Venture capitalist and entrepreneur Tim Draper is rolling in bitcoins after winning a US government auction Monday.

He bought 29,656 bitcoins–a new form of digital currency–from a trove that the government seized in a raid of the illegal online drug market Silk Road last year.

Draper, co-founder of Silicon Valley investment firm Draper Fisher Jurvetson, beat out 44 other participants during the 12-hour auction Monday and identified himself as the winner Wednesday. Though the price he paid wasn’t released, the
stash is worth about $19 million at current market prices.

Draper says he’ll use the digital currency in a new business to bring bitcoins to the developing world.

Bitcoins are among the oddest but potentially most profound phenomena to hit world currency markets in modern times. They’re not physical coins but pieces of software code traded over the Internet. Their origins are mysterious: Legend has it they were created in 2009 by someone with the alias Satoshi Nakamoto.
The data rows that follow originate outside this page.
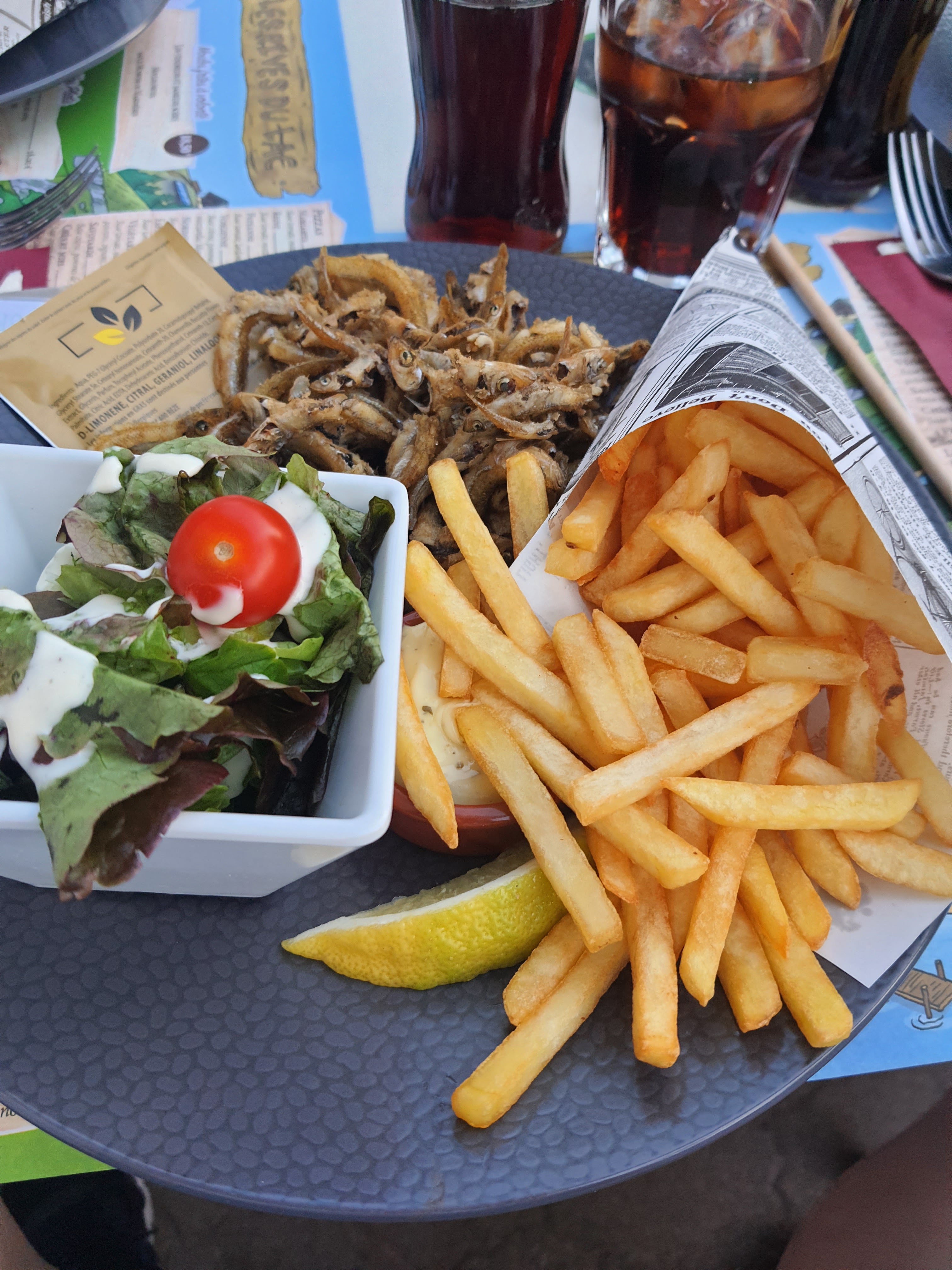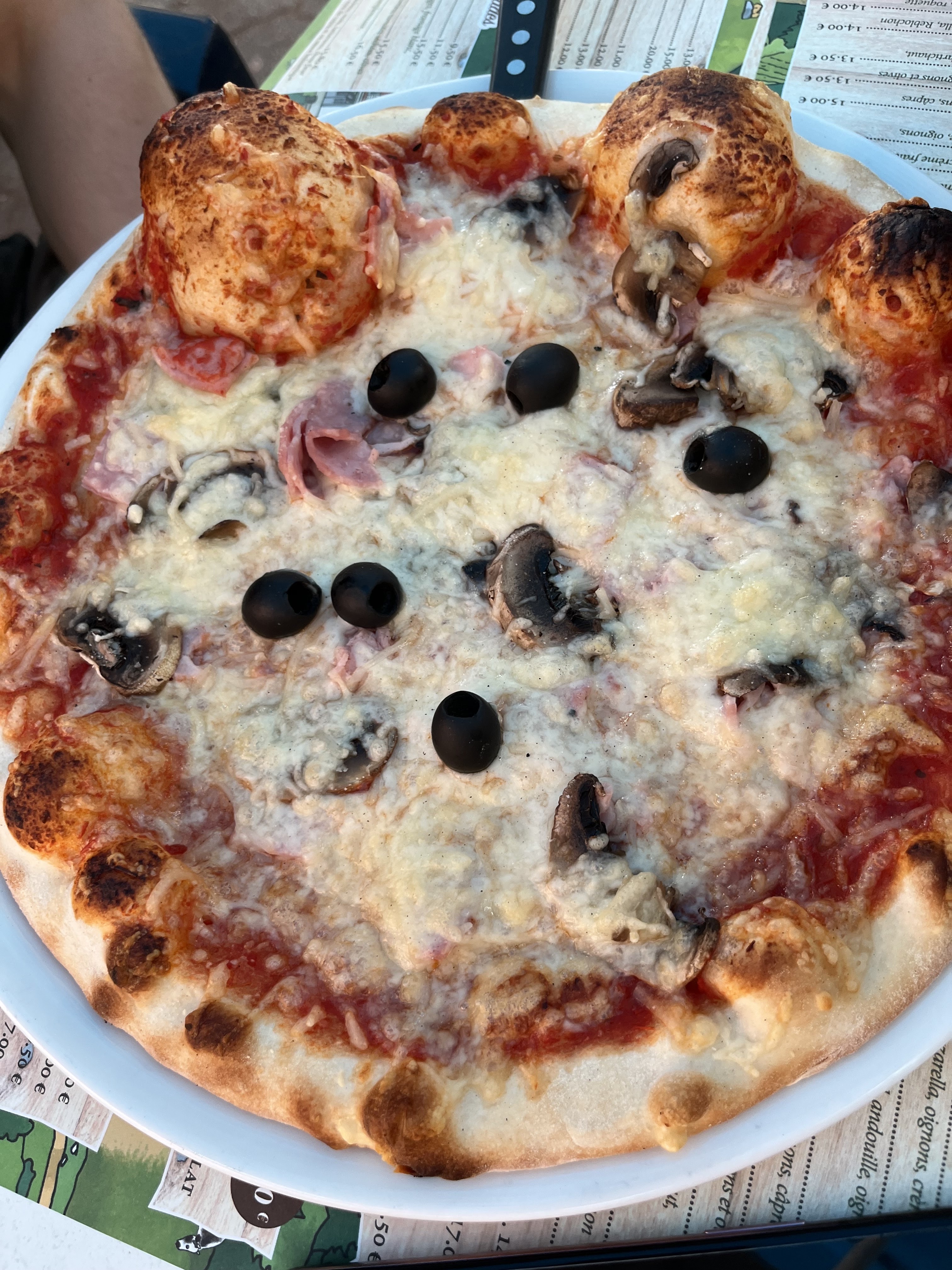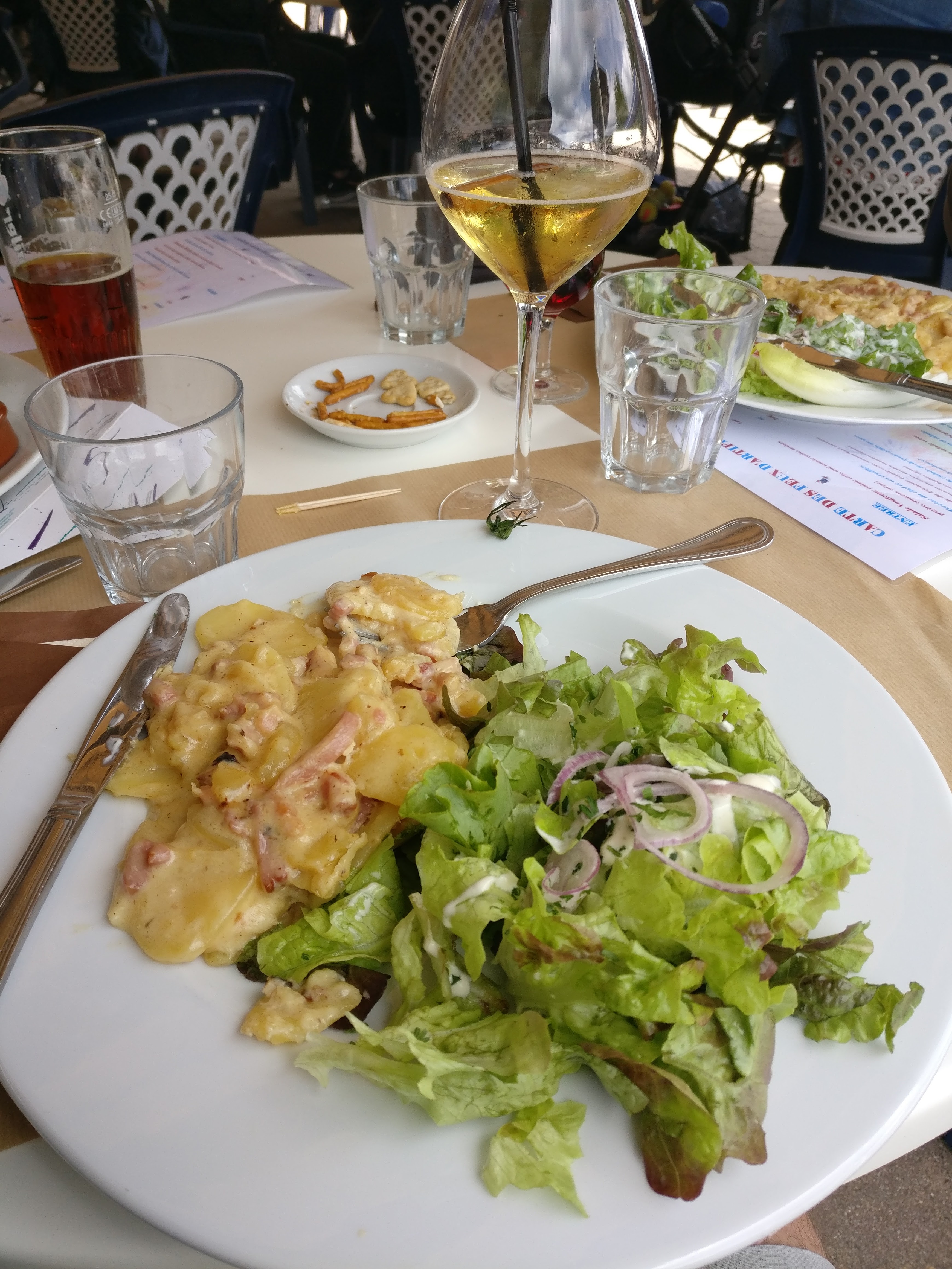 On paye le lieu (8,30€ le Spritz, 5,60 les deux boules de glace !! Plus cher qu’a Paris). Il y a du monde donc certes il faut être patient (la majorité des critiques sont basées la dessus). Le service est dynamique et les serveurs se démènent. Coté plat, on a testé : pizza au saumon (tres correcte) et salade Vosgienne (moyenne et si croutons industriels secs), crepe au sucre (il faut les aimer souples et peu grillées).
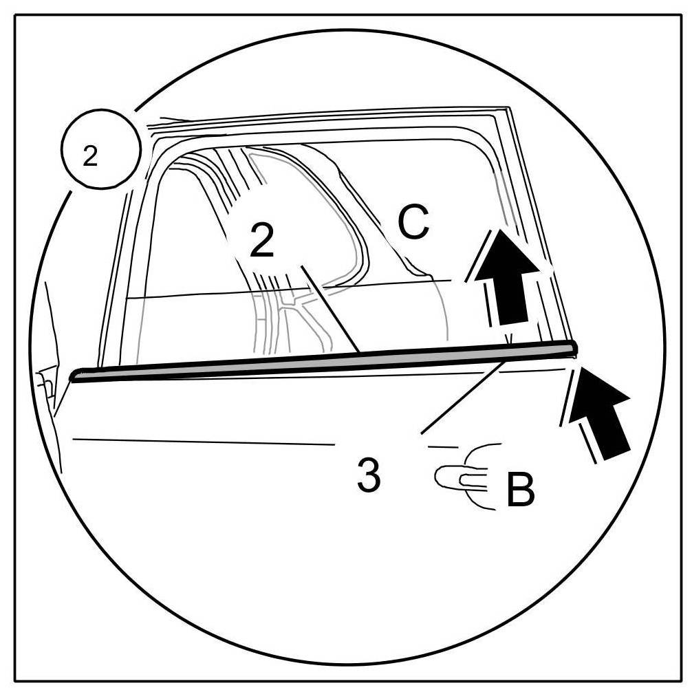 2.1. Release rear window shaft seal -2- beginning at the rear end ( -Arrow B- ) with a plastic wedge and pull it off from the sheetmetal flange -3- in an upward direction ( -Arrow C- ).
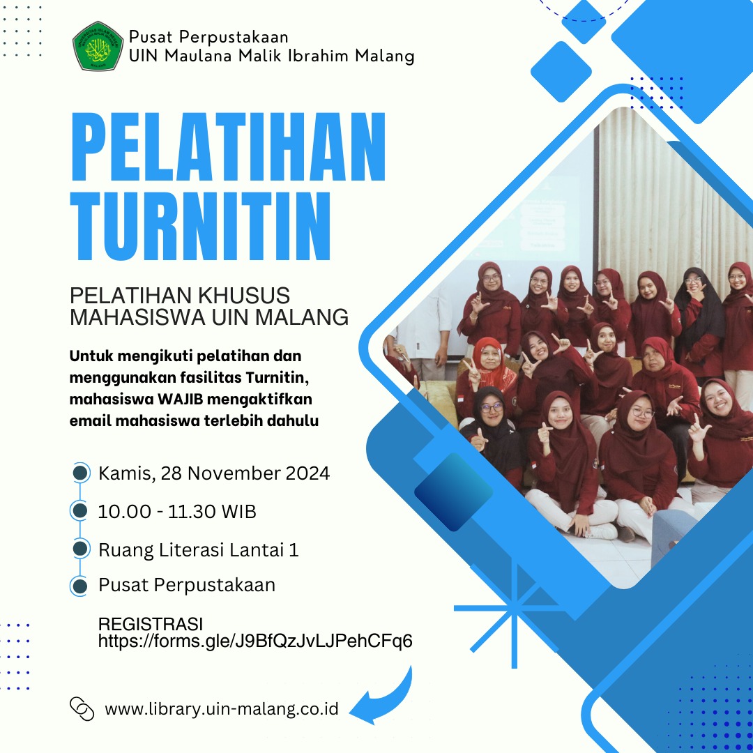 Perpustakaan Pusat Gajayana 50 Malang, MalangPusat Perpustakaan UIN Maulana Malik Ibrahim Malang kembali menyelenggarakan Pelatihan Turnitin bagi Mahasiswa, yang akan dilaksanakan pada: Hari: Kamis, 28 November 2024 Pukul: 10.00-11.30 WIB. Ruang Literasi Informasi lantai 1 Registrasi : https://forms.gle/J9BfQzJvLJPehCFq6 Syarat partisipasi: mahasiswa aktif UIN Maliki Malang & menggunakan Laptop Untuk mengikuti pelatihan dan menggunakan fasilitas Turnitin, mahasiswa wajib mengaktifkan email mahasiswa
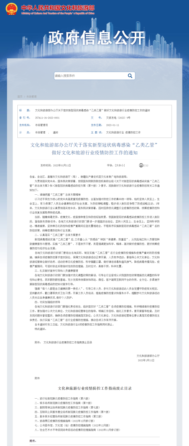為貫徹落實(shí)黨中央、國(guó)務(wù)院決策部署,按照國(guó)務(wù)院聯(lián)防聯(lián)控機(jī)制綜合組《關(guān)于對(duì)新型冠狀病毒感染實(shí)施“乙類乙管”的總體方案》和《新型冠狀病毒感染防控方案(第十版)》要求,現(xiàn)就做好文化和旅游行業(yè)疫情防控有關(guān)工作通知如下:

Since then, bitcoin markets have developed and some online retailers–including Tiger Direct, New Egg and Overstock–are accepting bitcoins for payment. Bitcoin ATMs are popping up. California recently changed state law to allow use of bitcoins and similar alternative currencies.

Federal regulators are studying the currency closely. The IRS recently ruled bitcoin is a property, legitimizing its use. Bitcoin holders lost millions in the collapse of Tokyo bitcoin exchange Mt. Gox this year.

Still, demand for bitcoins continues to grow. Bitcoin prices dived during the Mt. Gox contretemps, but have headed upward since.

The price of bitcoins has grown nearly $100 since last week to about $650 as of Wednesday as established investors like Draper entered the auction, Wedbush Securities analyst Gil Luria said. The value of bitcoins will continue to fluctuate, but as liquidity grows the price swings will lessen, he predicted.

“It’s very hard to pin down what the exact value of bitcoins is,” Luria said. “But the more liquid the markets are, the less volatility there will be on a day-to-day basis.”